### Data

In [1]:
import pandas as pd
df = pd.read_csv('movie_data.csv')
df.head()

Unnamed: 0,review,sentiment
0,This picture's following will only grow as tim...,1
1,John Candy. Need we say more? He is the main r...,0
2,This amazing documentary gives us a glimpse in...,1
3,"Well, sadly, I can't help but feeling a little...",1
4,"That's right. A movie written, directed and pr...",0


In [2]:
# removing very common occuring words using basic preprocessing
from nltk.corpus import stopwords
stop = stopwords.words('english')

def remove_stopwords(sent_ence):
    sent_ence = sent_ence.split(' ')
    sent_ence = [i for i in sent_ence if i not in stop]
    return ' '.join(sent_ence)

df.review = df.review.apply(remove_stopwords)

In [3]:
df.head()

Unnamed: 0,review,sentiment
0,This picture's following grow time goes by. Be...,1
1,John Candy. Need say more? He main reason see ...,0
2,This amazing documentary gives us glimpse live...,1
3,"Well, sadly, I can't help feeling little bit d...",1
4,"That's right. A movie written, directed produc...",0


In [4]:
docs = df['review'].to_list()

In [5]:
print(len(docs))
print(docs[0][:500])

50000
This picture's following grow time goes by. Better best picture nominees 97 rewards repeated viewings. I've seen three times I know. Anderson compared great American directors (Altman, Scorcese, Tarantino) may influences chances are, films, he'll considered part short list himself.<br /><br />One last note: Julianne Moore's "Amber Waves" resonate memory long 90's movie characters faded. THE best performance year -in four categories.
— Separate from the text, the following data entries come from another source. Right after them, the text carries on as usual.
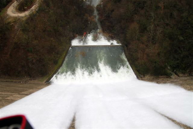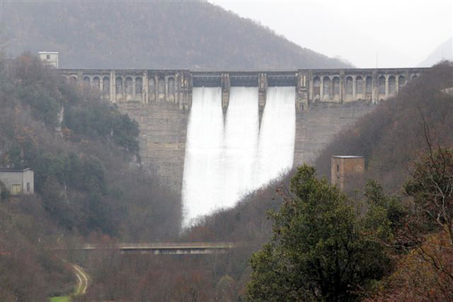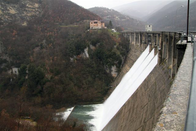 Ecco un caso in cui una foto vale più di mille parole. La diga sul lago Turano apre le paratie e scarica a valle le acque in eccesso.
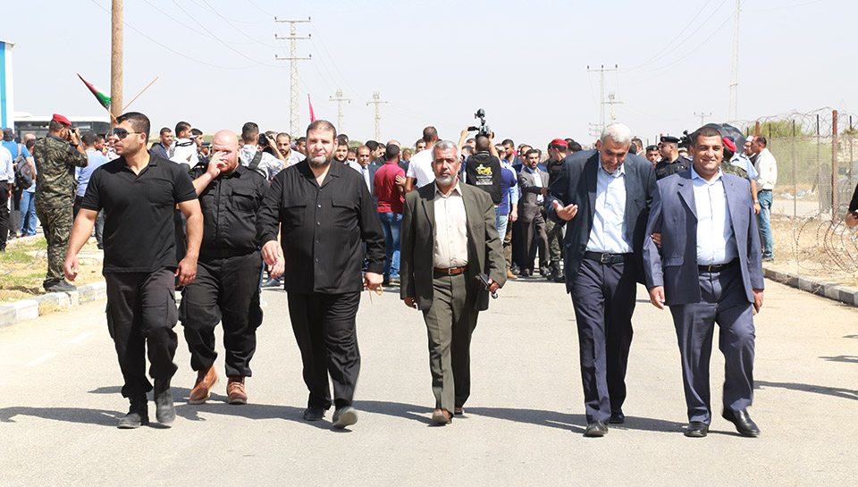 يحيى السنوار، اسماعيل هنية، عضوي الوفد المصري، فتحي حماد
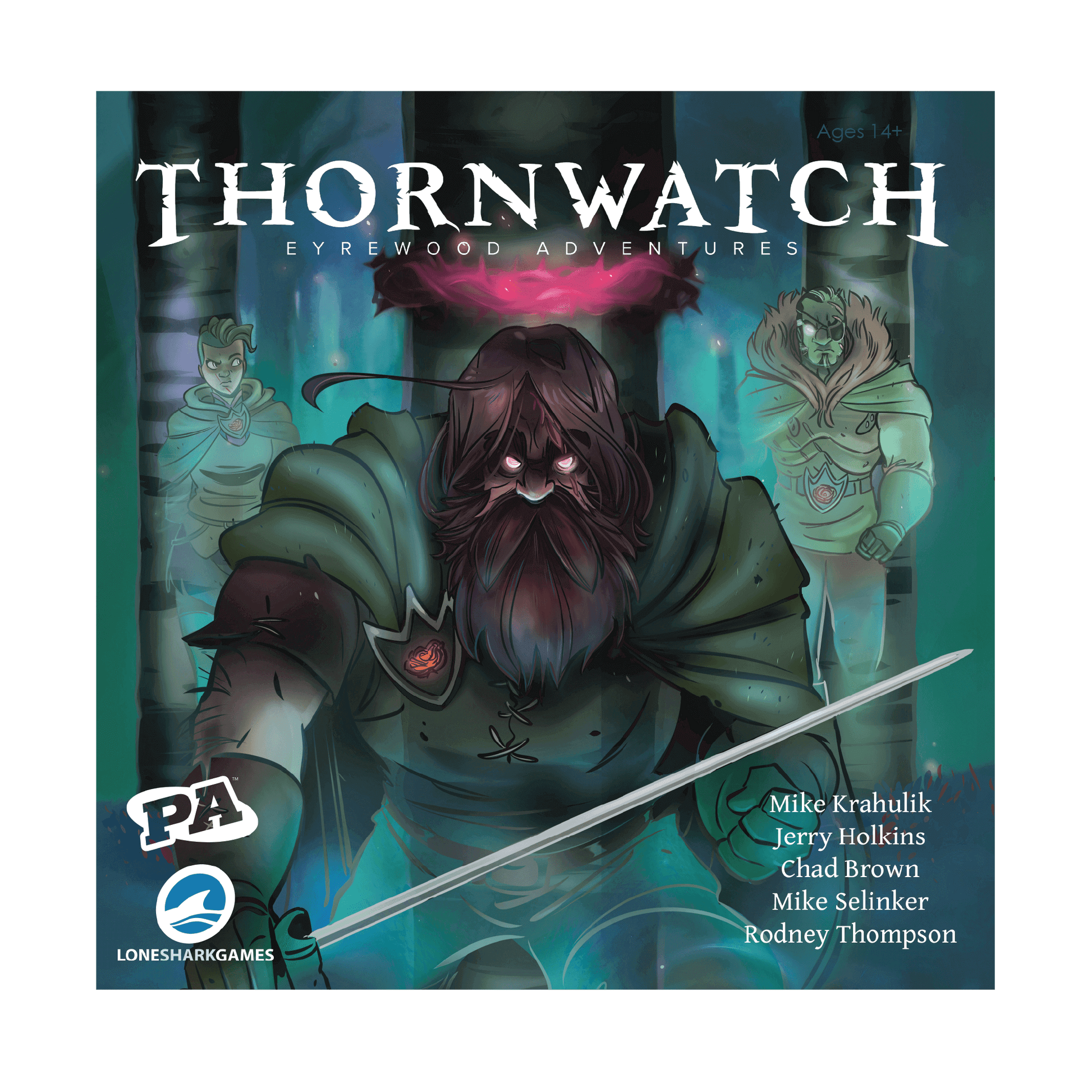 Deep in the Eyrewood, dark creatures would spread their corruption to the people of the forest. Thankfully, the citizens are protected by the Thornwatch, stalwart spirits who come to help when a bramble knot is tied in a birch tree. This graphic novel adventure game gives each player a deck of cards with which to seize the momentum and drive the corruption from the forest. One player takes on the role of the Judge, a powerful guardian spirit that rules over a domain of the Eyrewood.
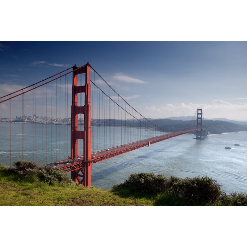 Sticker autocollant golden bridge dans le theme USA, prédécoupé à la forme du visuel, pouvant être collé sur toutes surfaces lisses propres comme les murs, métal, vitre, plastique, etc.
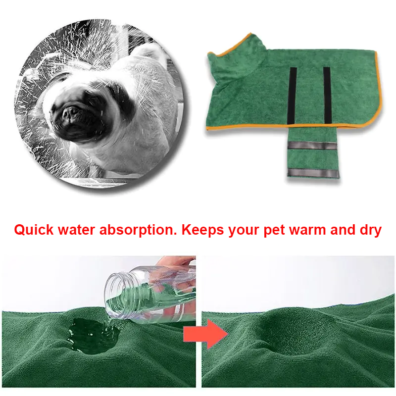 - Microfibre super absorbante : sèche efficacement votre animal après les bains ou les sorties pluvieuses, évitant ainsi la fourrure mouillée et l'inconfort dû au froid.
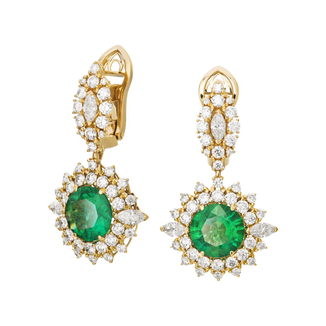 Взрыв 90 бриллиантов — круглых и в огранке маркиз — вызван явлением миру двух отличных (инвестиционных!) замбийских изумрудов общим весом почти в 5 карат.
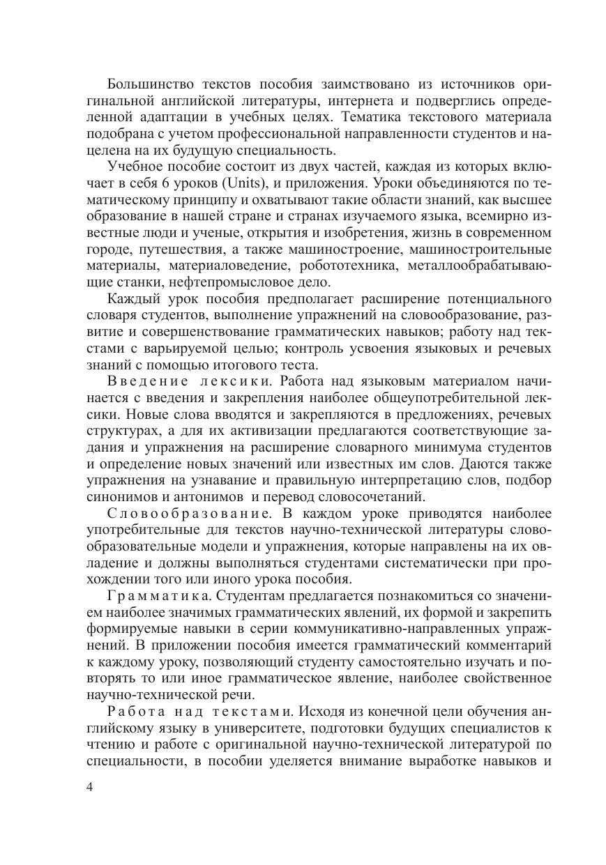 Одной из основных целеустановок учебного пособия является организация общетехнического и профессионально-ориентированного обучения английскому языку студентов машиностроительных специальностей, обусловленная коммуникативными и познавательными
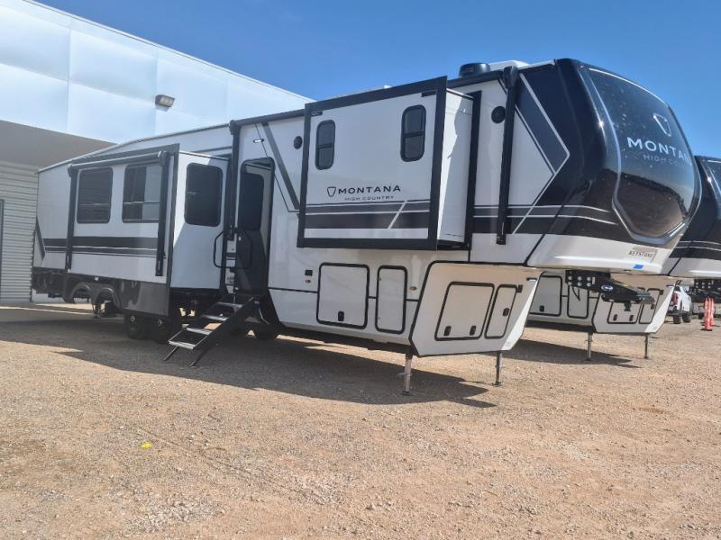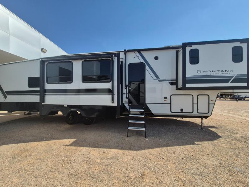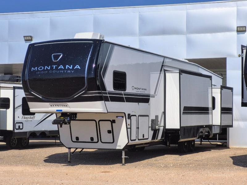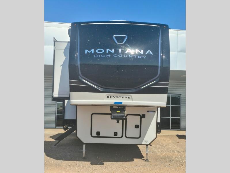 Live the high life with a Keystone Montana High Country fifth wheel! You'll have all the luxury you need with these units. They come with a MaxTurn™ front cap with KeyShield™ automotive-grade paint, a fully walkable roof with Alpha seamless TPO membrane system, and an insulated underbelly with forced hot air and electric tank heaters. The MORryde CRE3000 suspension with wet bolts helps provide a smooth tow, and the Ground Control® four-point electric auto-leveling with hitch memory will make set-up quite easy. The interior is elegantly appointed with the Thomas Payne Collection furniture, hardwood decorative slide-out fascia, Beauflor® vinyl throughout, accent crown molding, and premium solid surface kitchen countertops.
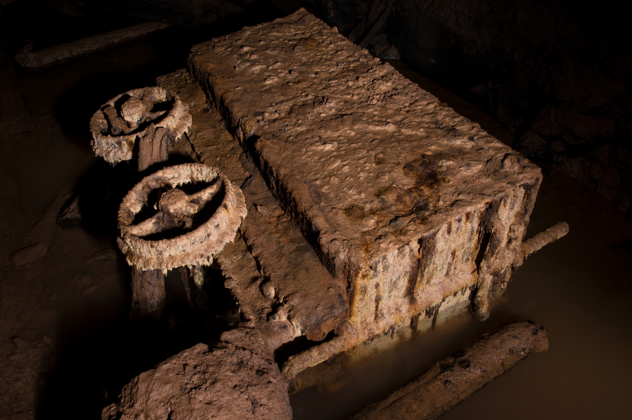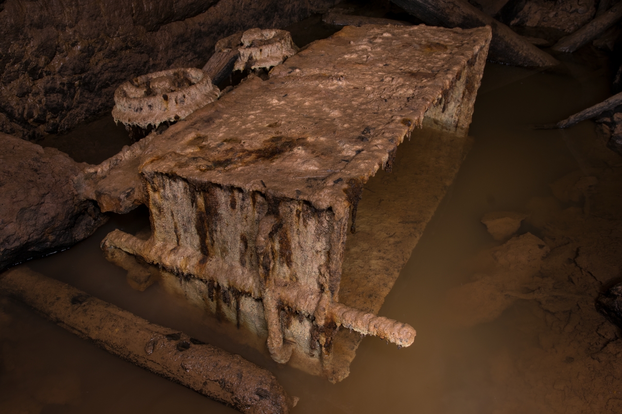 Nur wenige Meter hinter dem Gesenk stand der Abteufkübel, welchen man mittels Haspel in das Gesenk abließ. Die Bergmänner füllten diesen von Hand mit Aushub. Per Haspel zogen sie den vollen Kübel wieder nach oben. Entleerten ihn in den Hunt und fuhren das Material auf die Halde bei Punkt 1. Wir konnten eine Stelle identifizieren, an der die Haspel stand. Nach Einstellung der Prospektionsarbeiten baute man die Gleise zurück und nahm ebenfalls die Haspel mit. Wir fanden an einzelnen Kappen der Türstöcke kleine Isolatoren, daher kann man davon ausgehen, dass die Grube in dieser Zeit elektrifiziert war. Dies höchstwahrscheinlich nur im Rahmen einer Beleuchtung. Bei den Arbeiten kam ebenso Druckluft zum Einsatz. Der Druckluftbehälter liegt heute wie zum Abtransport bereit mitten im Stollen.
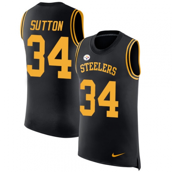 Men's Nike Pittsburgh Steelers #34 Cameron Sutton Black Rush Player Name & Number Tank Top NFL Jersey
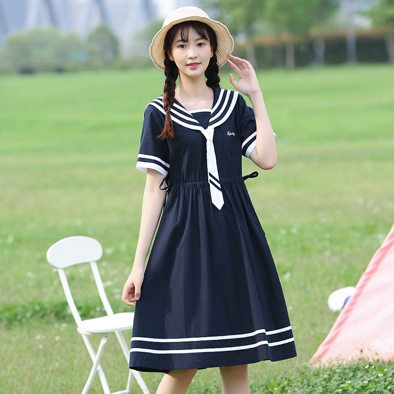 Navy Wind Ocean Clothing College Wind Day Department Sailor Clothes Navy Collars Jk Teenage Girls Junior High School Students Summer Dress Skirts
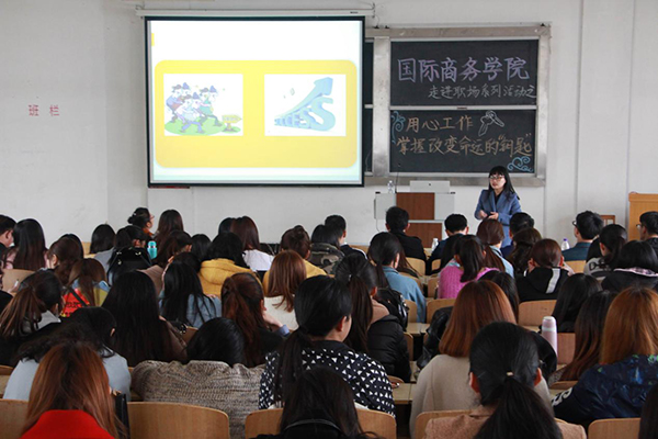 3月30日,国际商务beplay(中国)举办“走进职场”活动第二期讲座。讲座主题为“用心工作,掌握改变命运的‘钥匙’”,邀请中澜集团职场精英洪小莉女士主讲。
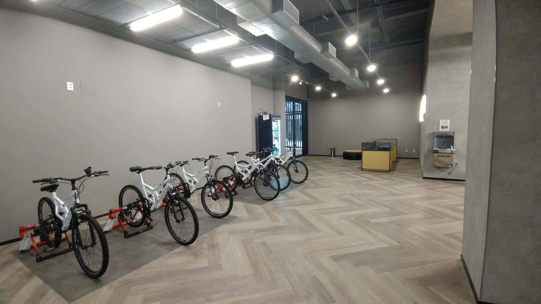 • Uma Big academia rica em aparelhos e bicicletas.
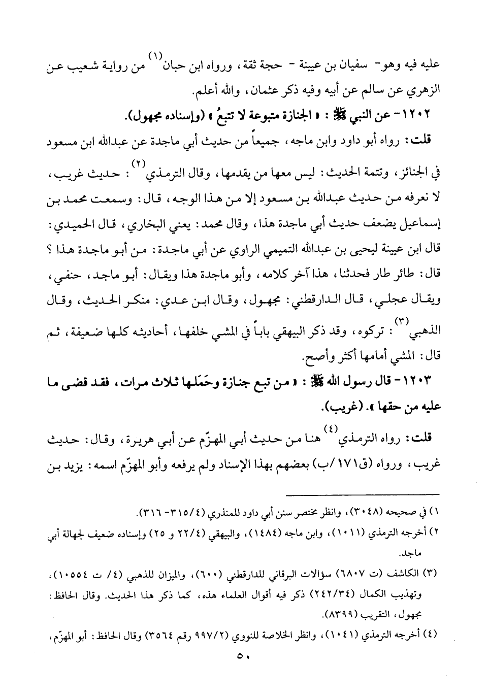 1202 - عن النبي - صلى الله عليه وسلم -: "الجنازة متبوعة لا تتبعُ" (وإسناده مجهول).
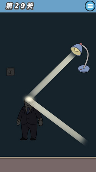 第29关:先按墙上的开关,把灯关了,然后打开台灯,经过老板头的折射,会出现通往另一个房间的按钮,然后再把墙上的开关打开,去另一个房间,就可以拿到你的手机啦。

### Pre-process and vectorize the documents

    Tokenize (split the documents into tokens).

    Lemmatize the tokens.

    Compute bigrams.

    Compute a bag-of-words representation of the data.


In [6]:
# remove numeric tokens and tokens that are only a single character

# Tokenize the documents.
from nltk.tokenize import RegexpTokenizer

# Split the documents into tokens.
tokenizer = RegexpTokenizer(r'\w+')
for idx in range(len(docs)):
    docs[idx] = docs[idx].lower()  # Convert to lowercase.
    docs[idx] = tokenizer.tokenize(docs[idx])  # Split into words.

# Remove numbers, but not words that contain numbers.
docs = [[token for token in doc if not token.isnumeric()] for doc in docs]

# Remove words that are only one character.
docs = [[token for token in doc if len(token) > 1] for doc in docs]

In [7]:
# Lemmatize the documents.
from nltk.stem.wordnet import WordNetLemmatizer

lemmatizer = WordNetLemmatizer()
docs = [[lemmatizer.lemmatize(token) for token in doc] for doc in docs]

In [8]:
# Compute bigrams.
from gensim.models import Phrases

# Add bigrams and trigrams to docs (only ones that appear 20 times or more).
bigram = Phrases(docs, min_count=20)
for idx in range(len(docs)):
    for token in bigram[docs[idx]]:
        if '_' in token:
            # Token is a bigram, add to document.
            docs[idx].append(token)

In [9]:
# Remove rare and common tokens.
from gensim.corpora import Dictionary

# Create a dictionary representation of the documents.
dictionary = Dictionary(docs)

# Filter out words that occur less than 20 documents, or more than 50% of the documents.
dictionary.filter_extremes(no_below=20, no_above=0.5)

In [10]:
# Bag-of-words representation of the documents.
corpus = [dictionary.doc2bow(doc) for doc in docs]


In [11]:
print('Number of unique tokens: %d' % len(dictionary))
print('Number of documents: %d' % len(corpus))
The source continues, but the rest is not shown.